The core BNSSG IAU team comprises:

  • ICB Head of Clinical Effectiveness and Research to advise and guide on who to engage with within the health and care system.
  • A Professor of Knowledge Mobilisation to advise and guide on how to work with evidence users.
  • A manager and administrator to maintain oversight of all IAU activities and organise meetings, presentations and evaluations.
  • Project managers who take the lead on getting specific research findings into practice. They liaise with the researcher to do this.

The IAU work with People in Health West of England to ensure that patients and members of the public are involved in the use and dissemination of research findings, and how the findings may be useful in different ways for different communities.

From the ICB the IAU work with a wide range of colleagues including:

  • Medicines Optimisation team
  • Nursing and Quality Directorate
  • Transformation Hub
  • Digital leads
  • Primary Care commissioners
  • Commissioning Policy Development team
  • Referral Support Service

Funding sources

The IAU is funded through a combination of sources in a similar way to the funding of other core functions that benefit research projects:

  • University of Bristol: five years of funding committed
  • UWE Bristol: five years of funding committed
  • BNSSG ICB: funding for staff resource
  • NIHR grant income from BNSSG-hosted research:
    • £0-£150k = unlikely to need/use the IAU. However, if findings from this work are of benefit to the system, they will be considered by the IAU for in-kind support.
    • £150k-£350k = include IAU within the dissemination budget with the costs to be confirmed with the ICB Research Team in advance of any submission.
    • £350k+ = 5%FTE NHS Band 8a throughout lifetime of project


Why do research grants need to contribute to IAU running costs?

BNSSG ICB is committed to improving the health of our population using evidence.
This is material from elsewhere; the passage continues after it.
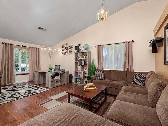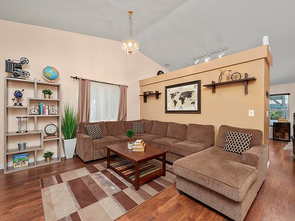 BEAUTIFULLY UPGRADED AND CARED FOR HOME PLUS INGROUND POOL, SPA AND PAID FOR SOLAR! Don't miss this lovely Contemporary Home. Great Curb Appeal and Stone Columns greet you. You enter to Formal Living and Dining Rooms with High Ceilings. The heart of the house is the Family Room with Cozy Stone Fireplace with a Wood Mantle that is adjacent to the Remodeled Kitchen. This great Kitchen features Rich Granite Countertops, Glass Tile Backsplash, Lots of Cabinets and Counter Space, a roomy Center Island and a Breakfast Nook. The Kitchen has a Large, Open Feel. The entire home features Rich Laminate Wood Flooring (except Wood Look Tile in Hall Bathroom) and Wide Baseboards. You'll love the Two Tone paint in Neutral Colors. There are Ceiling Fans, plus some Chair Railing, Crown Molding and Wood Window Sills. The Dual Pane Windows throughout are newer. The Master Bedroom Features a Walkin Closet and a Slider to the Back. The Back Yard is Made for Family Fun and to Entertain. There is a Covered Patio, Lots of Concrete for Easy Maintenance plus Raised Planters with decorative plants. The Family will really love the Inground Pool and Spa! There is a solar heater for the pool so you can enjoy swimming longer. And low power bills with PAID FOR SOLAR. Lots of Extras here including Water Heater that was just replaced. Don't Miss this UPGRADED POOL/SPA Home, ready for Your Family!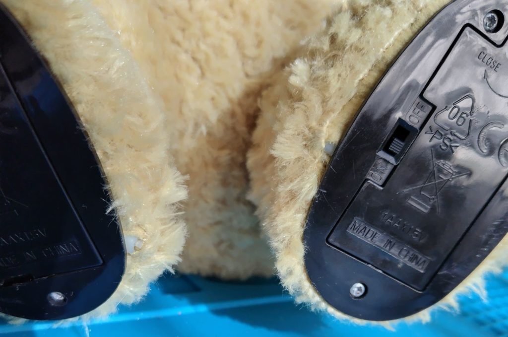さらに糸をほどいていきます。メインのおしゃべりする部分と脚を動かす部分が一体となったパーツがちょうどお腹の中にありました。綿を食い込ませないようにかガーゼで覆ってありました。

ICBs have a statutory duty to use locally-generated evidence and therefore BNSGG ICB provides core funding for the work of our IAU. Funding from research grants can enable the IAU to do even more, with a particular focus on locally-generated evidence. All parties benefit from the work of the IAU:

  • Researchers have a greater likelihood of timely impact.
  • Universities can demonstrate evidence of their impact and commitment to improving the health of their region.
  • Funders can demonstrate impact and value from their investment.


How to justify IAU costs on NIHR grants

The following summary can be used in NIHR grant applications:

“Dissemination will be supported by the BNSSG Impact Accelerator Unit (IAU). The IAU is recognised by the NIHR Engagement and Dissemination Centre as a case study in how an Integrated Care Board (ICB) can support evidence use.

BNSSG’s IAU is a partnership between BNSSG ICB, the University of Bristol and UWE Bristol. It pools existing technology transfer expertise in the universities with clinical leadership, transformation and service improvement specialists within the Integrated Care System.

BNSSG IAU is overseen by a Professor of Knowledge Mobilisation and uses evidence-based methods for creating lasting change in health and care systems. It convenes colleagues from within the health and care system to work with the Chief Investigator to co-design and deliver a bespoke dissemination and evaluation plan to provide evidence of impact.”


Can BNSSG IAU help get evidence into practice beyond BNSSG?

The BNSSG IAU is for the population of BNSSG, and we do not have dedicated resource for supporting the uptake of evidence in other areas.

Where possible we will:

  • Share our resources, know-how and methods (open source) with other health and care systems
  • Work with the Academic Health Science Network (soon to be known as a Health Innovation Network), NIHR Engagement and Dissemination Centre and Applied Research Collaborative to help raise awareness and share learning
  • Champion use of evidence through health and care forums as well as national Research and Development forums
  • Develop a national network of units supporting knowledge mobilisation and contribute to existing knowledge mobilisation networks to share and disseminate effective evidence.